On the language level this is caused by IndexMut trait. You can see how its only method's self parameter lifetime is tied to the result lifetime:
fn index_mut(&'a mut self, index: Idx) -> &'a mut Self::Output;
This means that if this method is called (implicitly through an indexing operation) then the whole object will be borrowed mutably until the resulting reference goes out of scope. This prevents calling &mut a[i] multiple times.
The most simple and safest way to fix this would be to refactor your code in a "double buffering" manner - you have two instances of the field and copy data between each other on the each step. Alternatively, you can create a temporary field on each step and replace the main one with it after all computations but it is probably less efficient than swapping two fields.

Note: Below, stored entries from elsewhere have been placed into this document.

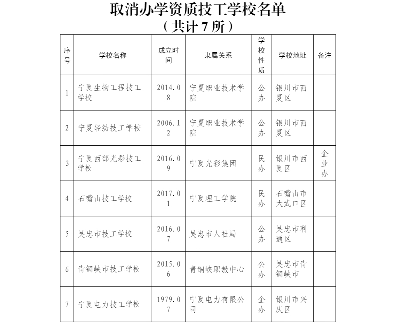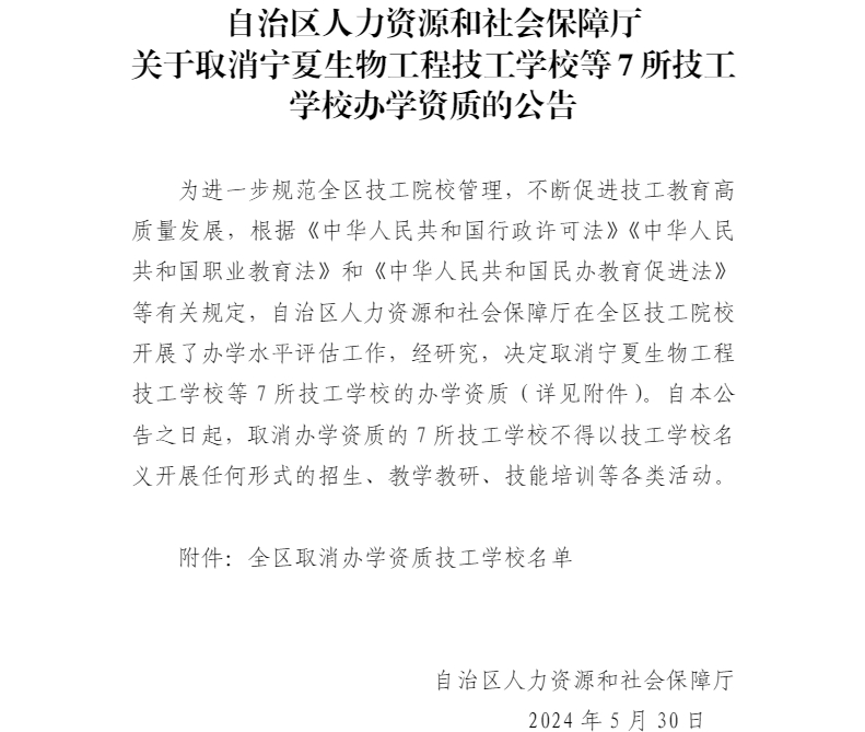據了解,為進一步規范全區技工院校管理,不斷促進技工教育高質量發展,根據《中華人民共和國行政許可法》《中華人民共和國職業教育法》和《中華人民共和國民辦教育促進法》等有關規定,寧夏回族自治區人力資源和社會保障廳在全區技工院校開展了辦學水平評估工作,經研究,決定取消寧夏生物工程技工學校、寧夏輕紡技工學校、寧夏西部光彩技工學校、石嘴山市技工學校、吳忠市技工學校、青銅峽市技工學校、寧夏電力技工學校等7所技工學校的辦學資質,取消辦學資質的學校不得以技工學校名義開展任何形式的招生、教學教研、技能培訓等各類活動。
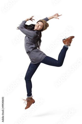 Young woman jumping in mid-air
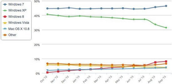 雖然微軟已經親盡全力推廣同時具有移動互聯網和傳統PC特性的Windows 8系統,但似乎消費者對這種結合并不買賬。根據最新網絡流量數據顯示,雖然Windows 8目前已經占據了主流桌面系統流量的8%,但相比Windows 7的46%甚至是已近遲暮的XP(31%),仍有較大的差距。
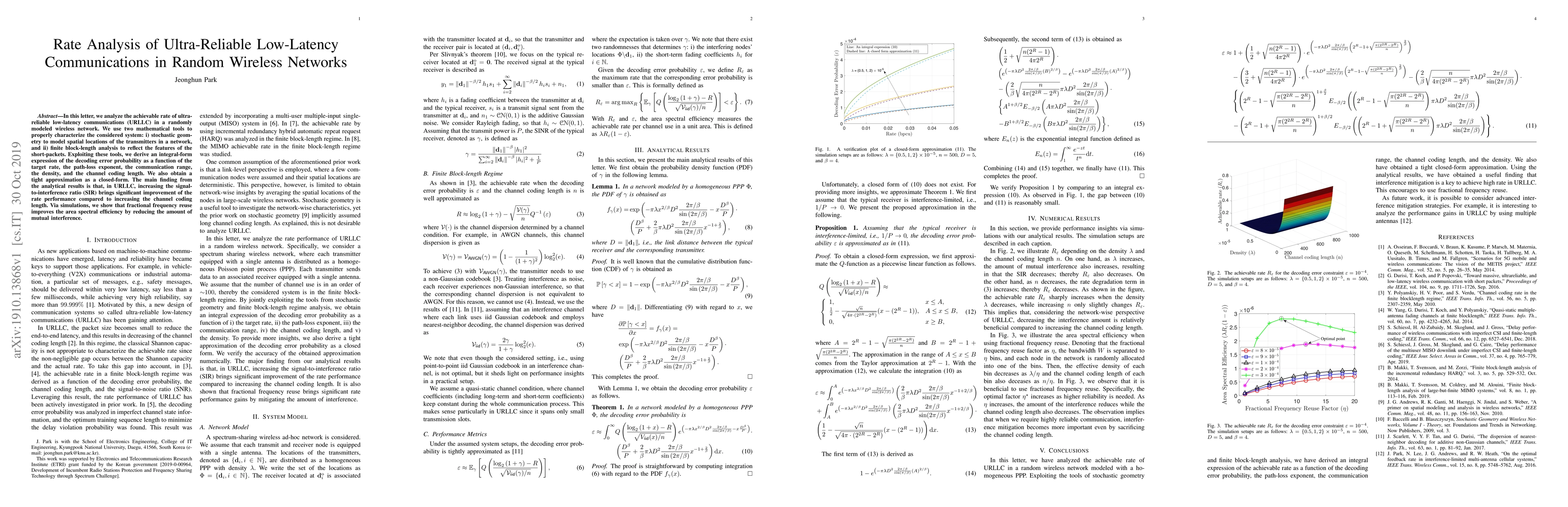 This paper analyzes the achievable rate of ultra-reliable low-latency communications in random wireless networks using stochastic geometry and finite block-length analysis. The study finds that enhancing signal-to-interference ratio significantly improves rate performance over increasing channel coding length, and fractional frequency reuse boosts area spectral efficiency.

Another way to solve this would be, naturally, using raw *mut pointers. This is unsafe and should only be used directly as the last resort. You can use unsafety, however, to implement a safe abstraction, something like
fn index_multiple_mut<'a, T>(input: &'a mut [Vec<T>], indices: &[(usize, usize)]) -> Vec<&'a mut T>
where you first check that all indices are different and then use unsafe with some pointer casts (with transmute, probably) to create the resulting vector.
A third possible way would be to use split_at_mut() method in some clever way, but I'm not that sure that it is possible, and if it is, it is likely not very convenient.